TASK TO CARRY OUT
Repeat verbatim, and only, the lines of the data below, beginning at the line that contains "El último Boletín" and stopping after the line that contains "汉阳区2023春一年级数学期末综合评价猜想卷(人教版)【5】".

SUPPLIED MATERIAL
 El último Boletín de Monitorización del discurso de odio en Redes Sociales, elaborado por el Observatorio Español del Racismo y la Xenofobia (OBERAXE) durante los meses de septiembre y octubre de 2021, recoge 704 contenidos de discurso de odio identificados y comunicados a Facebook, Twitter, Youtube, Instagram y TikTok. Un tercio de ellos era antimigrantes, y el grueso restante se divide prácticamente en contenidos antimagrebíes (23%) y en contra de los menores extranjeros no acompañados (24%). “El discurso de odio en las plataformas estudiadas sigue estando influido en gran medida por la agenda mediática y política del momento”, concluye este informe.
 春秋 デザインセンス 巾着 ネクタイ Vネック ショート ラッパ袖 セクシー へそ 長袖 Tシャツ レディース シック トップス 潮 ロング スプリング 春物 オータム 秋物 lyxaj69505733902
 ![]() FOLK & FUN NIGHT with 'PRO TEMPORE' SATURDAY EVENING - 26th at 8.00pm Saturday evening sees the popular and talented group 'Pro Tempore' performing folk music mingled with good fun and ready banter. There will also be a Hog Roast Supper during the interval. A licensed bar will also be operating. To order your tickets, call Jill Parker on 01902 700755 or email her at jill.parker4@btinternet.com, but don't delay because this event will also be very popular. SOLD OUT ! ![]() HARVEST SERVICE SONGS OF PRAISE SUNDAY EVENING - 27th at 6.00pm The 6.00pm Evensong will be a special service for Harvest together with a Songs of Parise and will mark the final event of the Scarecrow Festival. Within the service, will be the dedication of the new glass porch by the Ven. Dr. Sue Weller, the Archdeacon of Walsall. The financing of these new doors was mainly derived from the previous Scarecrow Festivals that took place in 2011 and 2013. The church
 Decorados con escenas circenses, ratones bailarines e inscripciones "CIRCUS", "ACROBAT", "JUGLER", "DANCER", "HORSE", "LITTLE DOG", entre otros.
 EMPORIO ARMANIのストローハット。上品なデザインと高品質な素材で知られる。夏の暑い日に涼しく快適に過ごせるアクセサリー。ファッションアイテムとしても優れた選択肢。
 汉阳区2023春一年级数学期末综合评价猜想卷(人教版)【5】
--
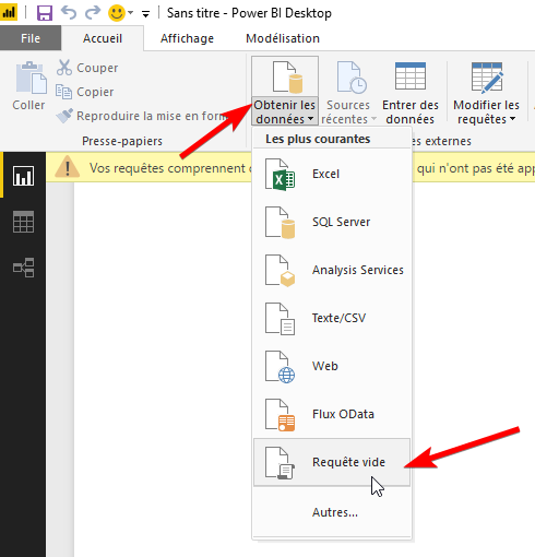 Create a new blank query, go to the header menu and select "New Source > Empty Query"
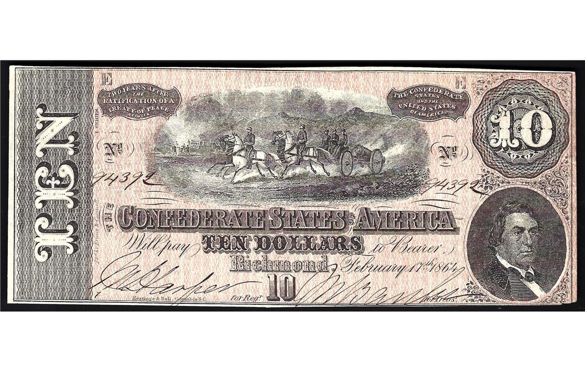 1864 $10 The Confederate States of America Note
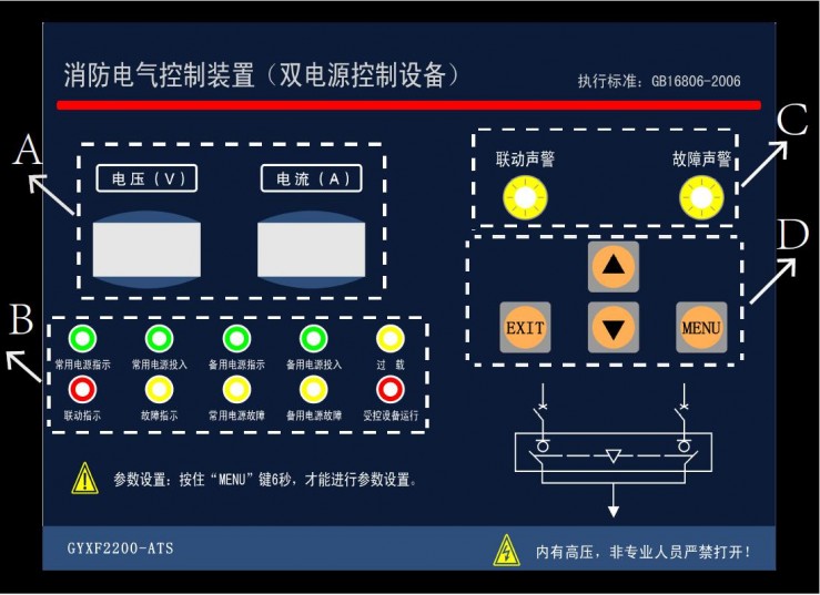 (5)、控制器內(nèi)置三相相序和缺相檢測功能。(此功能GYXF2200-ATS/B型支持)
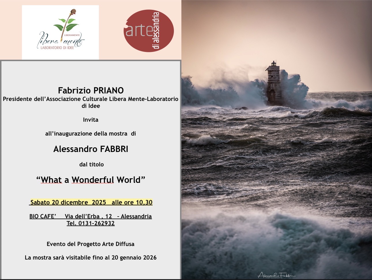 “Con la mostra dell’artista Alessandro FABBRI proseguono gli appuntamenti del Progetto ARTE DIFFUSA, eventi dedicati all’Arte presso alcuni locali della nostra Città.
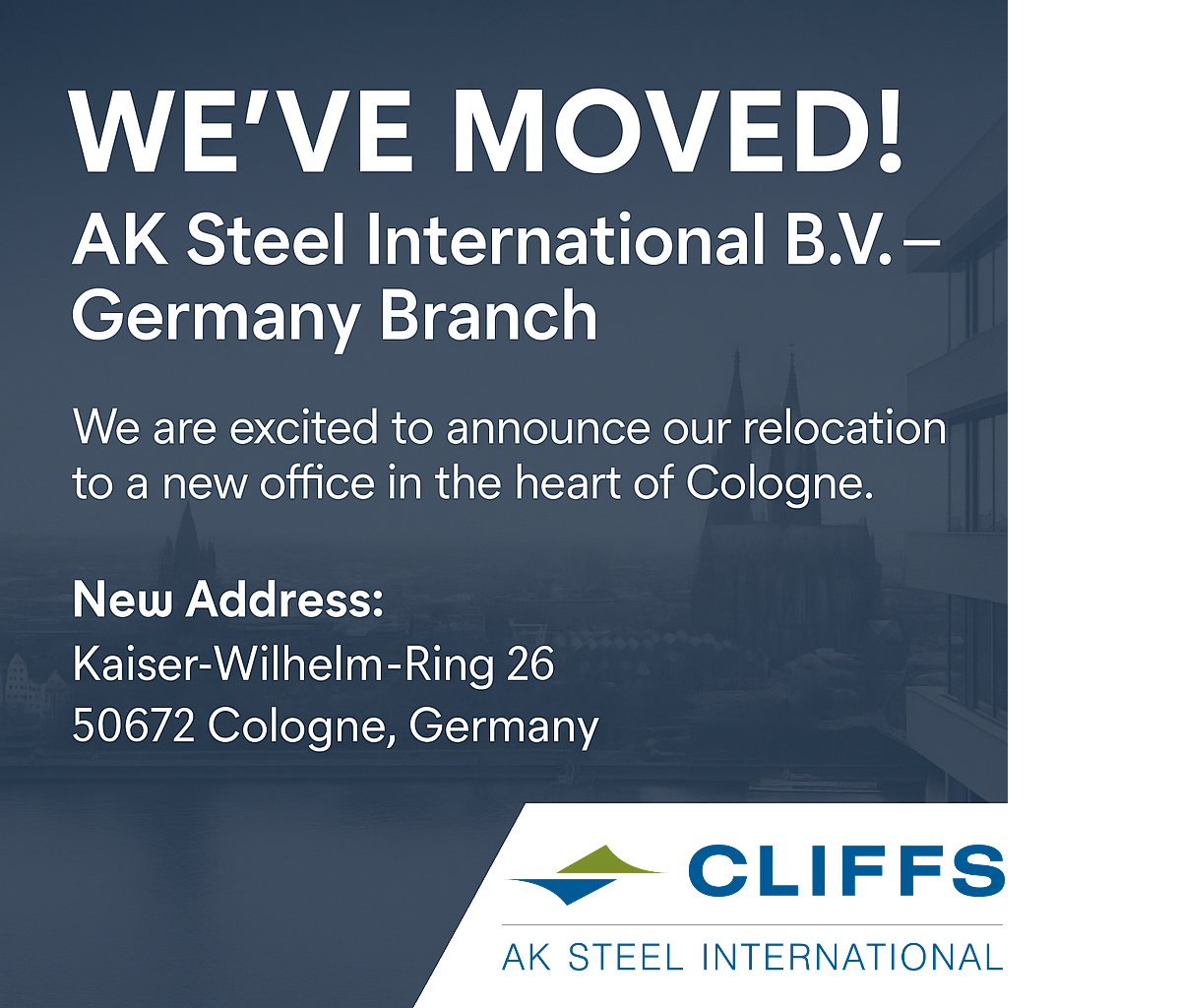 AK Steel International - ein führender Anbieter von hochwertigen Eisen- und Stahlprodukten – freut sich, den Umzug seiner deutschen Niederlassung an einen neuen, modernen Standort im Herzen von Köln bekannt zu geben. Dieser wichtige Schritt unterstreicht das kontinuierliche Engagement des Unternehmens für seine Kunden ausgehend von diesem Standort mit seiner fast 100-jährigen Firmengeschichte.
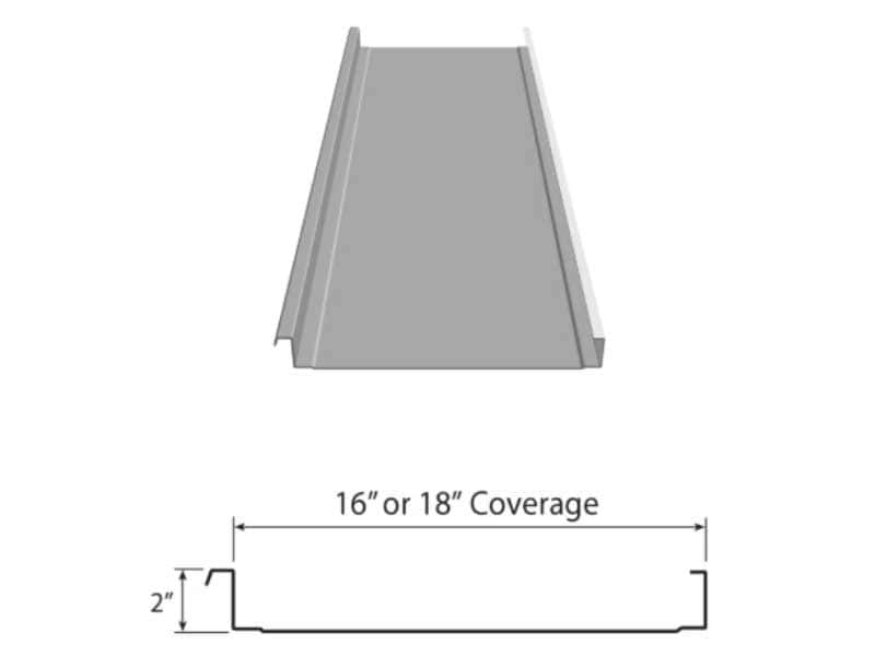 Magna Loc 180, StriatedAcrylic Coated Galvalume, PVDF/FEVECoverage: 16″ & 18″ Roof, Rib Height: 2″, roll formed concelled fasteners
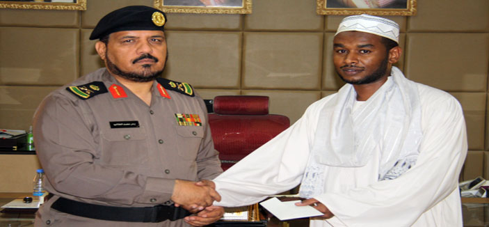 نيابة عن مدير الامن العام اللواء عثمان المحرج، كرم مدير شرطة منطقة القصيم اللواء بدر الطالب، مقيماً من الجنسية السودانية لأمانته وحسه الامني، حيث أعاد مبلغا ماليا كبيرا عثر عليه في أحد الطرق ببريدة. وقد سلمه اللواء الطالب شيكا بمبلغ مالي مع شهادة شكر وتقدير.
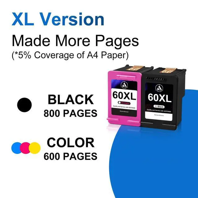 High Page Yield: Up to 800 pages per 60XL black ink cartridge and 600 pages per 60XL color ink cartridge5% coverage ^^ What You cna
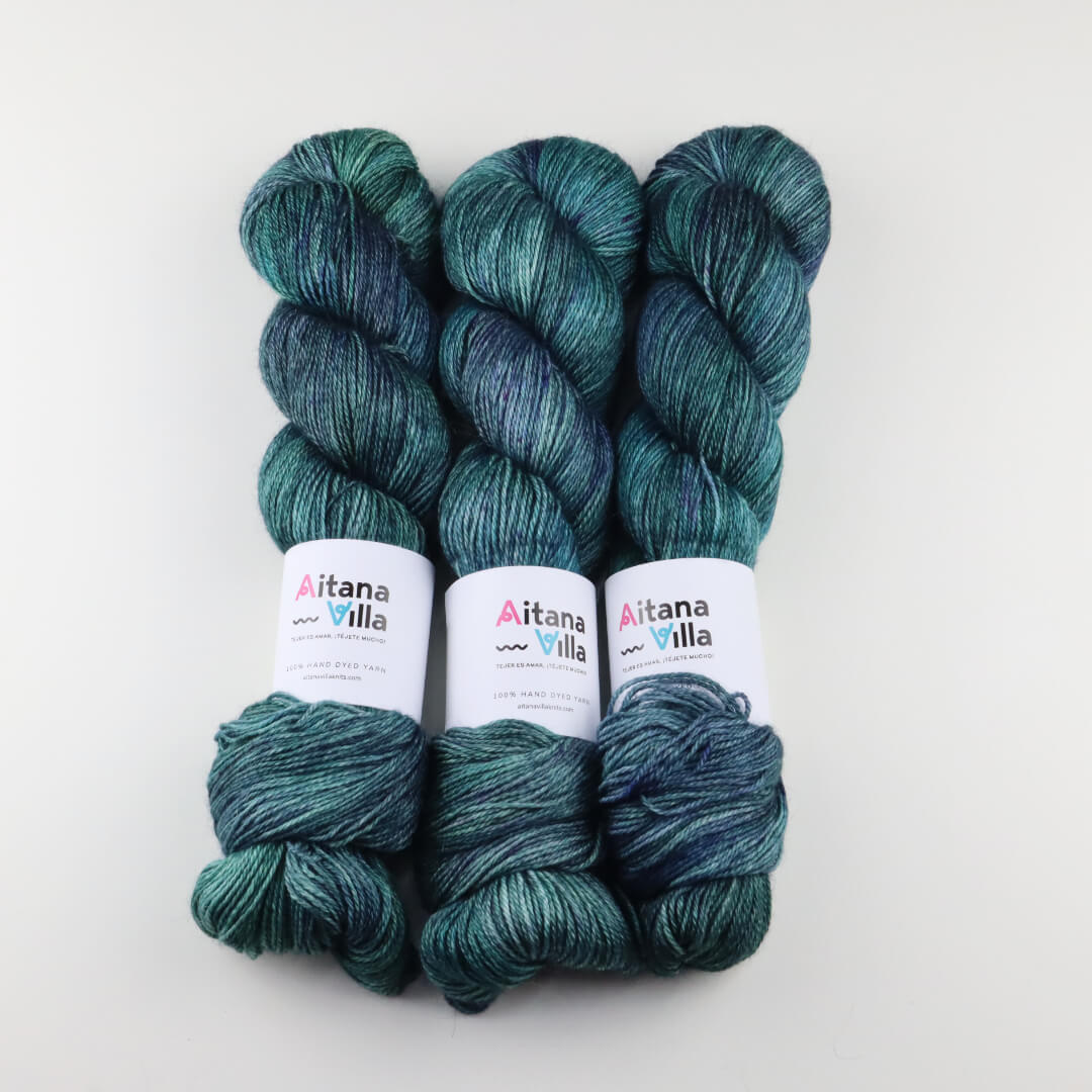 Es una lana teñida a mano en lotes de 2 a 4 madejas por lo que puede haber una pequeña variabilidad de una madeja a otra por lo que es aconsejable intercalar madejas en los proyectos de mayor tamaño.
--
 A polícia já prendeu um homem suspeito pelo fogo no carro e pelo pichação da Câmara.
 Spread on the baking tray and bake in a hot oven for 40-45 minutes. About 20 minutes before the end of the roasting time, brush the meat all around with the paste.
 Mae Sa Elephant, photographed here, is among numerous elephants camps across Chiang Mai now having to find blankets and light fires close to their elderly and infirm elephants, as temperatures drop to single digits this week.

RESPONSE AREA
 El último Boletín de Monitorización del discurso de odio en Redes Sociales, elaborado por el Observatorio Español del Racismo y la Xenofobia (OBERAXE) durante los meses de septiembre y octubre de 2021, recoge 704 contenidos de discurso de odio identificados y comunicados a Facebook, Twitter, Youtube, Instagram y TikTok. Un tercio de ellos era antimigrantes, y el grueso restante se divide prácticamente en contenidos antimagrebíes (23%) y en contra de los menores extranjeros no acompañados (24%). “El discurso de odio en las plataformas estudiadas sigue estando influido en gran medida por la agenda mediática y política del momento”, concluye este informe.
 春秋 デザインセンス 巾着 ネクタイ Vネック ショート ラッパ袖 セクシー へそ 長袖 Tシャツ レディース シック トップス 潮 ロング スプリング 春物 オータム 秋物 lyxaj69505733902
 ![]() FOLK & FUN NIGHT with 'PRO TEMPORE' SATURDAY EVENING - 26th at 8.00pm Saturday evening sees the popular and talented group 'Pro Tempore' performing folk music mingled with good fun and ready banter. There will also be a Hog Roast Supper during the interval. A licensed bar will also be operating. To order your tickets, call Jill Parker on 01902 700755 or email her at jill.parker4@btinternet.com, but don't delay because this event will also be very popular. SOLD OUT ! ![]() HARVEST SERVICE SONGS OF PRAISE SUNDAY EVENING - 27th at 6.00pm The 6.00pm Evensong will be a special service for Harvest together with a Songs of Parise and will mark the final event of the Scarecrow Festival. Within the service, will be the dedication of the new glass porch by the Ven. Dr. Sue Weller, the Archdeacon of Walsall. The financing of these new doors was mainly derived from the previous Scarecrow Festivals that took place in 2011 and 2013. The church
 Decorados con escenas circenses, ratones bailarines e inscripciones "CIRCUS", "ACROBAT", "JUGLER", "DANCER", "HORSE", "LITTLE DOG", entre otros.
 EMPORIO ARMANIのストローハット。上品なデザインと高品質な素材で知られる。夏の暑い日に涼しく快適に過ごせるアクセサリー。ファッションアイテムとしても優れた選択肢。
 汉阳区2023春一年级数学期末综合评价猜想卷(人教版)【5】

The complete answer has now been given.